世界の水の97%は海水と言われますから。その膨大な量がある海水から、水素を電気分解で取り出すための触媒を、筑波大学は、ありふれた卑金属だけを組み合わせた合金で、海水の電気分解に長期間使える高耐久性の電極を開発したと発表。やはり日本は、化学と素材研究は世界的にもまだまだ強く、こういう触媒の研究開発には、余念がありませんね。レアアースの輸出規制の嫌がらせにも、代替物質の開発や使用量大幅カットの工夫で、乗り切れましたからね。

■石炭とアンモニアで発電■

こちらはJERAの、国内のアンモニアを混ぜて燃焼実験(混焼)の話題です。昨年末からこっち、世界的には核融合発電の研究の話題で、持ちきりですが。たとえ核融合発電が実用化になっても、水力発電や火力発電は相変わらず、重要な発電方法のひとつであり得ると思うんですよね。たったひとつの発電方法に、オール・インすること自体が、リスクを高めますから。そして、石油よりも豊富にある石炭はまだまだ、有力な化石燃料足り得ます。

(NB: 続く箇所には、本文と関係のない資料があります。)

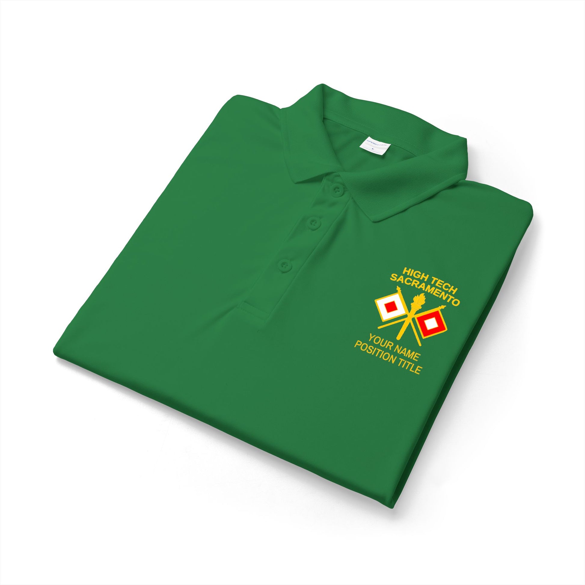 High Tech insignia with your name and title embroidered on a lightweight performance polo.

【JERA、石炭とアンモニアで発電 26日から実証】日経新聞

国内火力発電最大手のJERAは13日、碧南火力発電所(愛知県碧南市)でアンモニアを2割混ぜて燃やす実証を26日から始めると発表した。海外から石炭火力への批判が強い。アンモニアは燃やしても二酸化炭素(CO2)を排出しない。石炭火力の脱炭素へ有力な手段になるとみて、2027〜28年の商業運転をめざす。

JERAは13日、実証に向けて導入した設備を公開した。石炭を燃やす燃焼装置(バーナー)に新たなノズル(管)を取り付け、気化したアンモニアを流し込んで発電する。船で受け入れたアンモニアを運ぶ配管や、貯蔵するためのタンクも敷地内に設けた。

https://www.nikkei.com/article/DGXZQOUC114OX0R10C24A3000000/

記事によれば、アンモニアは石炭に比べて、価格が高いのが課題だそうですので。それだけ石炭は、値段が安定して安いということなんですね。石炭に関して言えば、より安全性が高い第四世代の原子炉である高温ガス炉では、その製鉄にさえ使える超高温を利用した、石炭の液化も研究されています。そういう意味では、水素とアンモニアと石炭は、日本のエネルギー市場の未来を背負っていく、貴重な物質なのでしょうね。

ここら辺のネタはあまり 需要がありませんが、再生可能エネルギータスクフォースの、令和のゾルゲ事件と呼べるような状況を見ると、需要は低くても定期的にエネルギー関係の話題はアップしていかないといけないなと、つくづく思いました。文系の自分ですが、手塚治虫先生や藤子不二雄先生、あさりよしとお先生の、科学する心を育む漫画の影響は大きいので。これからもできるだけ触れていきたいと思います。